We can infer that $f(x)=f(\frac{x}{2})\forall x$ and therefor $f(x)=f(\frac{x}{2^n})$ for all integer $n\ge 1$ . Because of that, $\lim_{x\to 0}f(x)$ must exists and we call that limit $L$ . For all $x, y$ , we have $f(x)-f(y)=f(\frac{x}{2^n})-f(\frac{y}{2^n})=L-L=0$ . So $f(x)=L\forall x$ . Using the integral condition, we know $L=100$ and can easily calculate the later integral

We know that $\int_{ka}^{kb}f(\frac{x}{k})dx = k\int_{a}^{b}f(x)dx$ from properties of integral. We would like this $\begin{aligned}\int_{0}^{2}f(x)dx = \int_{0}^{2}f(\frac{x}{2})dx \end{aligned}$ to hold. Taking into account that $f(x) = f(2x), \forall x$ , we can proce that $f(x) = f(\frac{x}{2})$ as follows

$\\ \\ \begin{aligned} f(x) &= f(\frac{x}{2}) \\ f(4(\frac{x}{4})) &= f(2(\frac{x}{4})) \\ f(4t) &= f(2t); & t = \frac{x}{4} \\ f(2(2t)) &= f(2t) \\ f(2k) &= f(k); & k =2t \end{aligned}$

Therefore, we can claim that $\begin{aligned}\int_{0(2)}^{1(2)}f(\frac{x}{2})dx = \int_{0}^{2}f(x)dx = 2\int_{0}^{1}f(x)dx = 2(100) = 200 \end{aligned}$

Can we solve it using reflection property of integration?

Integration of f(x) from 0 to 1 represents a area and integration of the same function from 1to 2 reprents the same area as calculated before... As the graph is parallel to x axis... integration of f(x) from 0 to 2 will simply 2 times of the area we calculated at the first time... That is given 100 So the and is 200

Let $F(x)$ be the antiderivative of $f(x)$ :

$\int^1_0{f(x)}dx = F(1)-F(0)$

Okay, since $f(x) = f(2x)$ , $\int^1_0{f(x)}dx = \int^1_0{f(2x)}dx$ .

Multiplying by $\frac{2}{2}$ : $\int^1_0{f(x)}dx = \int^1_0{f(2x)}dx = \frac{1}{2}\int^1_0{f(2x)}d(2x) =\frac{1}{2}(F(2)-F(0)) =100$

Solving this equation gives the answer, 200.

This would be a horizontal line.

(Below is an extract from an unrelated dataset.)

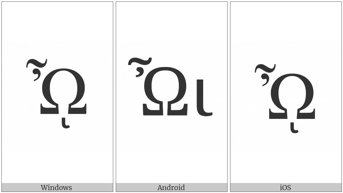 The image below shows how the “Greek Capital Letter Omega With Psili And Perispomeni And Prosgegrammeni” symbol might look like on different operating systems. If the font in which this web site is displayed does not contain the symbol and there is no fallback font able to render it, you can use the image below to get an idea of what it should look like.

Therefore, double the upper limits means double the integral value

Since $f(x) = f(2x) \; \forall x \in \mathbb{R}$ , it follows that $f(x) = f\left(\dfrac{x}{2^n}\right) \; \forall x \in \mathbb{R} \; \forall n \in \mathbb{N}$

By continuity, $f(x) = \displaystyle{\lim_{n \to \infty} f(x)} = \displaystyle{\lim_{n \to \infty} f\left(\dfrac{x}{2^n}\right)} = f\left(\displaystyle{\lim_{n \to \infty}\dfrac{x}{2^n}}\right) = f(0)$

So $f(x)$ is a constant function, and

$\displaystyle{\int_0^2 f(x) \,dx} = 2\displaystyle{\int_0^1 f(x) \,dx} = 2(100) = 200$

If f(x)=f(2x) then for all x values, there will be the same y value, hence a horizontal or y=c line parallel to the x axis, where c is a number. For example if x=1, f(1)=f(2), if x=2, f(2)=f(4), if x=3, f(3)=f(6) and so on. This improper integral from 0 to 1 (since the function is not defined at 0) can still be interpreted as the area from the horizontal line to the x axis from a value a approaching 0 to 1, which is 100 (kind of like a rectangular area, if you will). Going an extra unit to the right is the same as doubling the area from 0 to 1.

You can just visualize it. If f(x) = f(2x), then f(0,001) = f(0,002) = f(0,004) = ... = f(2). Hence, it is a line segment parallel to the x-axis. The area under the curve from 1 to 2 has the same magnitude of the area from 0 to 1. So it is 2 times 100 = 200.

the solution is simple integration with constant term

Let f(x) equals 100,replace it in both the equation and get the answer.